**Assignment:**
The stretch from the line with "全体的にカジュアルながらも落" through the line with "The root password" in the records below: write it out exactly, and nothing else.

**Material for the task:**
-------

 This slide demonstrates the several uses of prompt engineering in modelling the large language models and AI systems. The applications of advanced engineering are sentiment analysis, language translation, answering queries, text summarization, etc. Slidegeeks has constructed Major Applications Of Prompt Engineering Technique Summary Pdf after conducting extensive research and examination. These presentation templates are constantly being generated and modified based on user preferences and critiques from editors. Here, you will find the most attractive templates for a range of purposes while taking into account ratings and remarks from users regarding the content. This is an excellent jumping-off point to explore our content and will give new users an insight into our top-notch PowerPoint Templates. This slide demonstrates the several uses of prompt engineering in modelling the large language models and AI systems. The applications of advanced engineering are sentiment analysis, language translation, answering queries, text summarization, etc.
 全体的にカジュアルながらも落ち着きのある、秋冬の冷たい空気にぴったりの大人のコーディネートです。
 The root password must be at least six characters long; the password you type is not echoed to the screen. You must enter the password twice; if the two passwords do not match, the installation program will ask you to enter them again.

-------

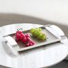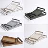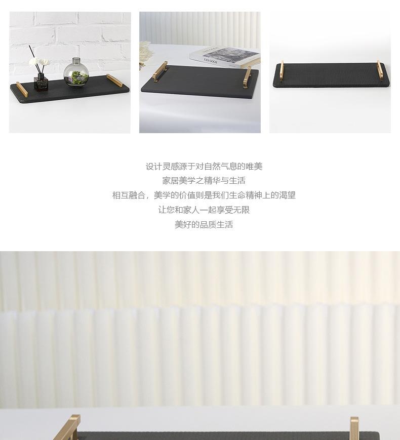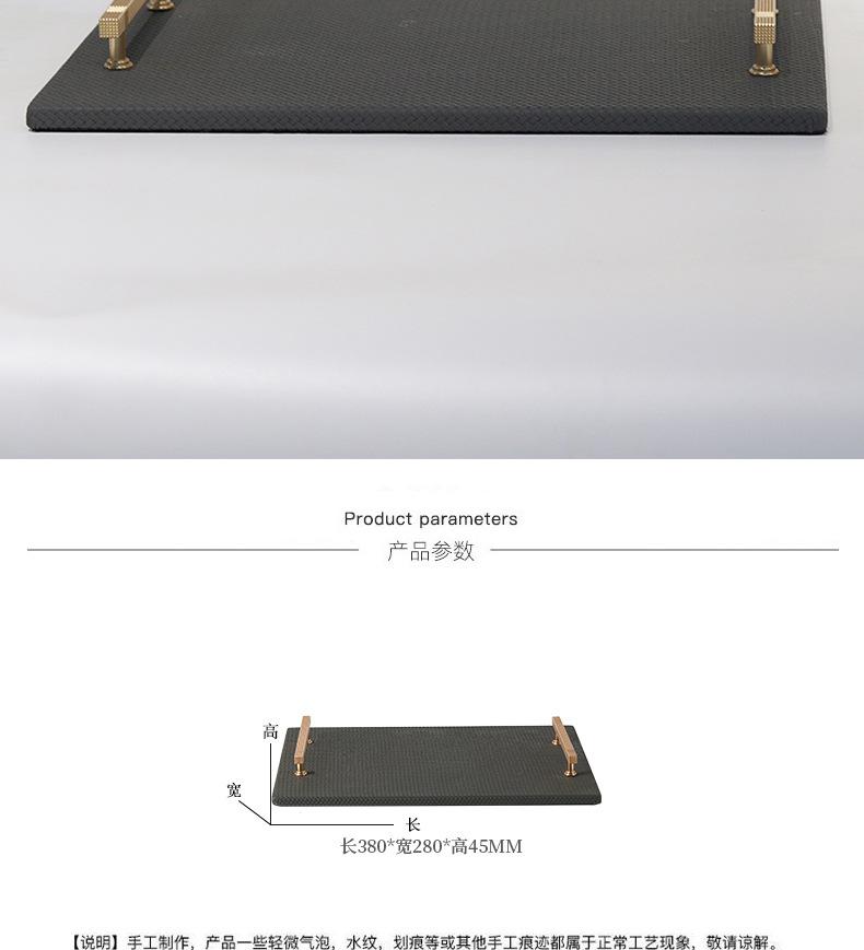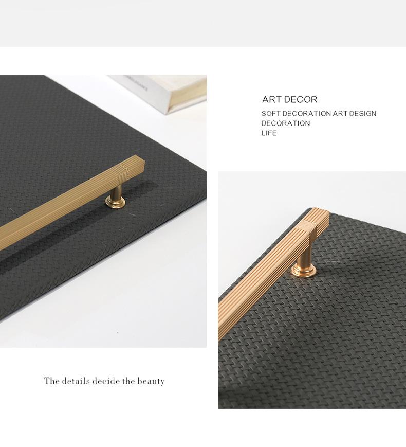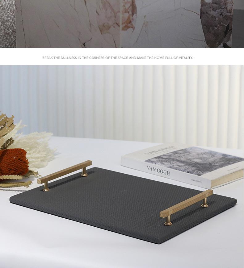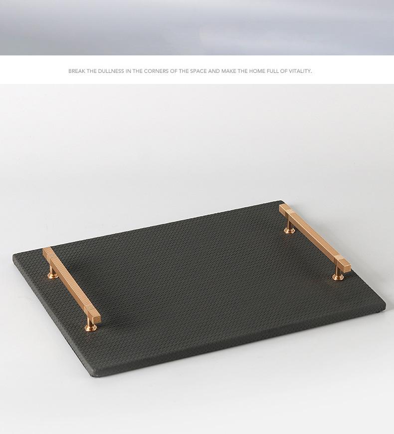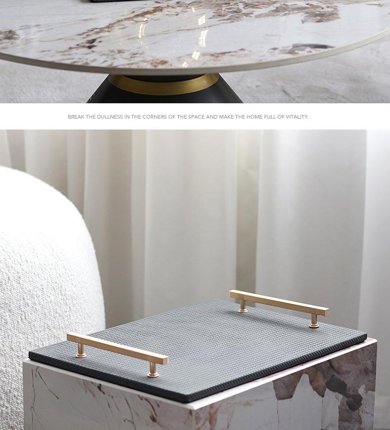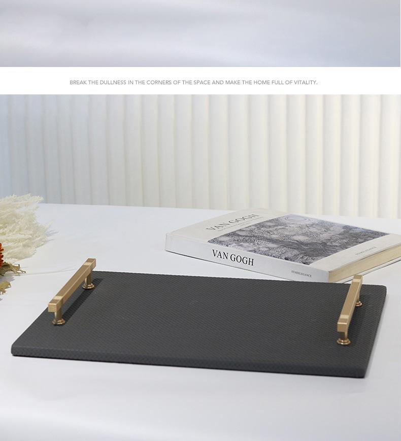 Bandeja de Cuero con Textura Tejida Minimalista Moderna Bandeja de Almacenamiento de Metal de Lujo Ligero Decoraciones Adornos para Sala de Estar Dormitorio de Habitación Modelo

-------

**Solution for this task:**
 全体的にカジュアルながらも落ち着きのある、秋冬の冷たい空気にぴったりの大人のコーディネートです。
 The root password must be at least six characters long; the password you type is not echoed to the screen. You must enter the password twice; if the two passwords do not match, the installation program will ask you to enter them again.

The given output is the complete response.